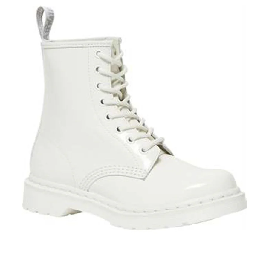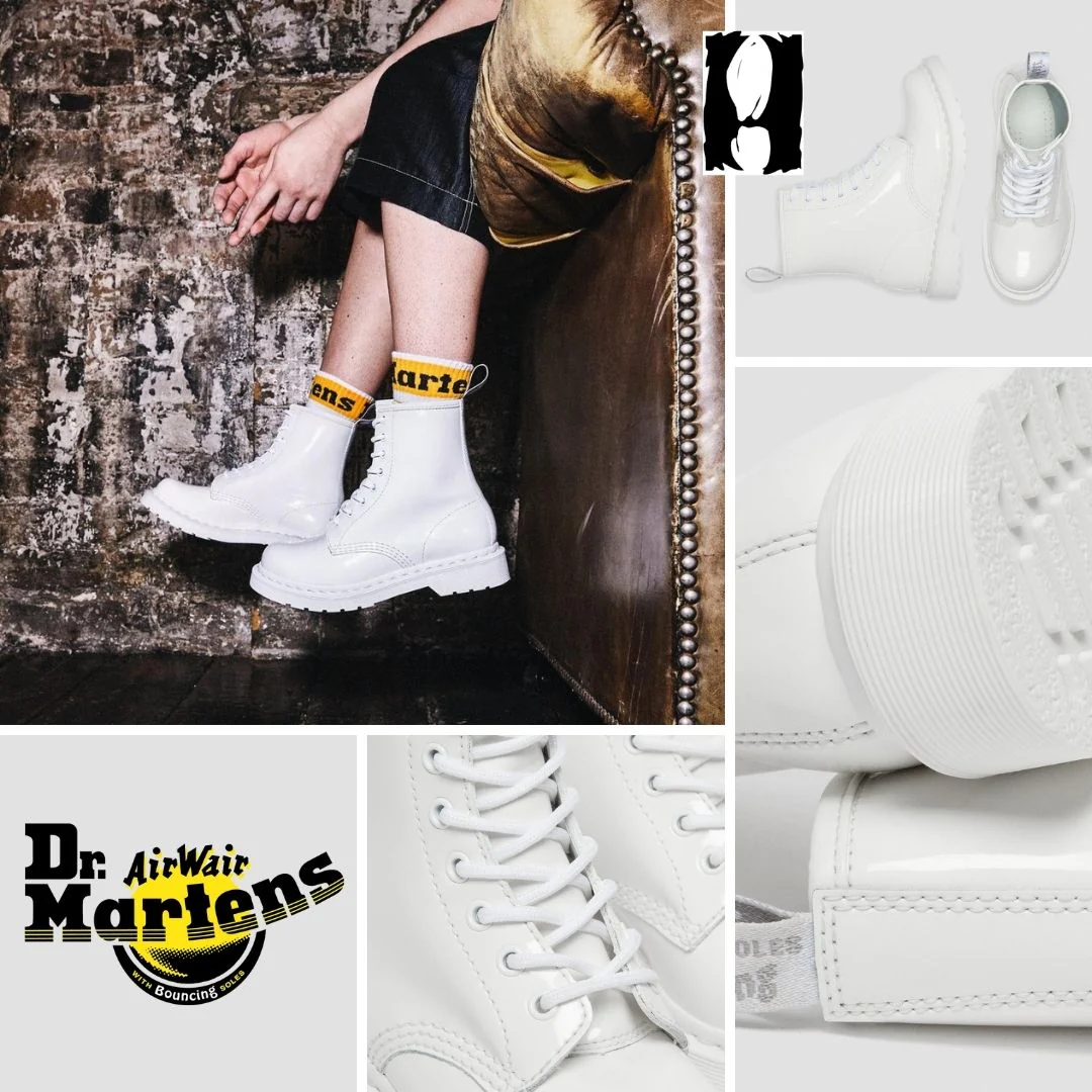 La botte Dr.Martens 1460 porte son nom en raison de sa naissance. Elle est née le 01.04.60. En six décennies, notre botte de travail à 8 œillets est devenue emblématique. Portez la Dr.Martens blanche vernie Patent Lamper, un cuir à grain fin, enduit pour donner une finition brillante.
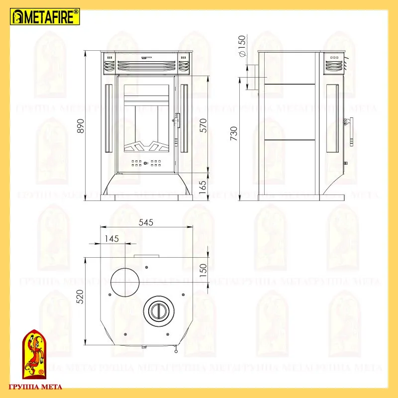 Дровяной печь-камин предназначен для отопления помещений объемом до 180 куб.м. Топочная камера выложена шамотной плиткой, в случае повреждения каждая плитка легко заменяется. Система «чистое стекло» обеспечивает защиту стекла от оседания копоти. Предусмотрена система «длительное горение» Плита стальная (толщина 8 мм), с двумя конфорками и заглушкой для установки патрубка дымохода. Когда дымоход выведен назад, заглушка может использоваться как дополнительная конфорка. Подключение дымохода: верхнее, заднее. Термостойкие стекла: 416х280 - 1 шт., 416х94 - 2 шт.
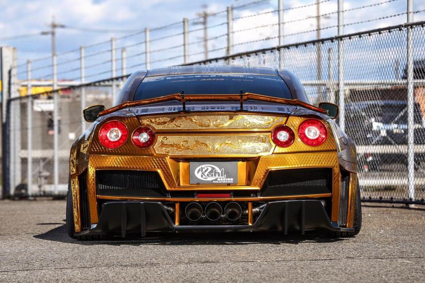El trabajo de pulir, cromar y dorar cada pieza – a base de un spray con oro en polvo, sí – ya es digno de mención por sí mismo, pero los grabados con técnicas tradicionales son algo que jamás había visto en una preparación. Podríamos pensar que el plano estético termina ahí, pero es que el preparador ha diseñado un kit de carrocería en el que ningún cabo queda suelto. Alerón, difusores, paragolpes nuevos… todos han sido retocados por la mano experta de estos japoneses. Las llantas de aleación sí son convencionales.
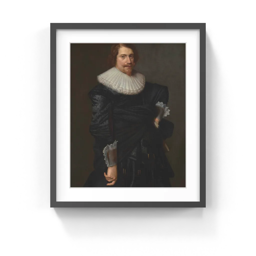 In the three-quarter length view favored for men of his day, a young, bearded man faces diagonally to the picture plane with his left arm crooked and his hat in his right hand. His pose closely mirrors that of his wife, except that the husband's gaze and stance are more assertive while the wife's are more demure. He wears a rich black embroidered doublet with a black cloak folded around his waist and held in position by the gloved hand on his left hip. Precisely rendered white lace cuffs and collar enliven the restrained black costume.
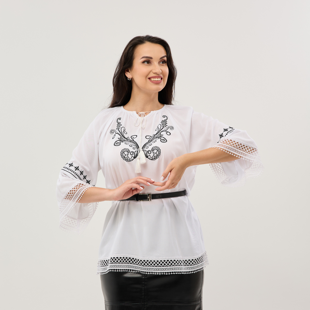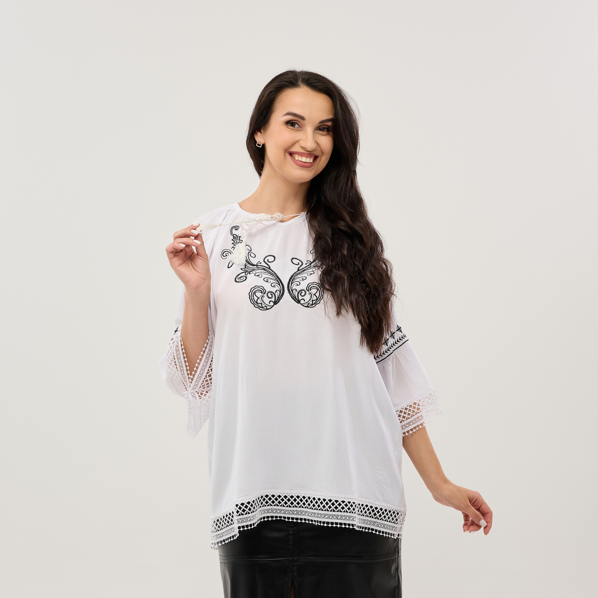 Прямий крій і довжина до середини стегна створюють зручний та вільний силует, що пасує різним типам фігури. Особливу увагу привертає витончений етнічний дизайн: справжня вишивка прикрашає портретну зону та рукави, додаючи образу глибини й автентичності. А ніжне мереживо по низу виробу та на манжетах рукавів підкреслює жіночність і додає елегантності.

Task instructions: Copy all of the listing word for word, minus the images.

Output:
 La botte Dr.Martens 1460 porte son nom en raison de sa naissance. Elle est née le 01.04.60. En six décennies, notre botte de travail à 8 œillets est devenue emblématique. Portez la Dr.Martens blanche vernie Patent Lamper, un cuir à grain fin, enduit pour donner une finition brillante.
 Дровяной печь-камин предназначен для отопления помещений объемом до 180 куб.м. Топочная камера выложена шамотной плиткой, в случае повреждения каждая плитка легко заменяется. Система «чистое стекло» обеспечивает защиту стекла от оседания копоти. Предусмотрена система «длительное горение» Плита стальная (толщина 8 мм), с двумя конфорками и заглушкой для установки патрубка дымохода. Когда дымоход выведен назад, заглушка может использоваться как дополнительная конфорка. Подключение дымохода: верхнее, заднее. Термостойкие стекла: 416х280 - 1 шт., 416х94 - 2 шт.
El trabajo de pulir, cromar y dorar cada pieza – a base de un spray con oro en polvo, sí – ya es digno de mención por sí mismo, pero los grabados con técnicas tradicionales son algo que jamás había visto en una preparación. Podríamos pensar que el plano estético termina ahí, pero es que el preparador ha diseñado un kit de carrocería en el que ningún cabo queda suelto. Alerón, difusores, paragolpes nuevos… todos han sido retocados por la mano experta de estos japoneses. Las llantas de aleación sí son convencionales.
 In the three-quarter length view favored for men of his day, a young, bearded man faces diagonally to the picture plane with his left arm crooked and his hat in his right hand. His pose closely mirrors that of his wife, except that the husband's gaze and stance are more assertive while the wife's are more demure. He wears a rich black embroidered doublet with a black cloak folded around his waist and held in position by the gloved hand on his left hip. Precisely rendered white lace cuffs and collar enliven the restrained black costume.
 Прямий крій і довжина до середини стегна створюють зручний та вільний силует, що пасує різним типам фігури. Особливу увагу привертає витончений етнічний дизайн: справжня вишивка прикрашає портретну зону та рукави, додаючи образу глибини й автентичності. А ніжне мереживо по низу виробу та на манжетах рукавів підкреслює жіночність і додає елегантності.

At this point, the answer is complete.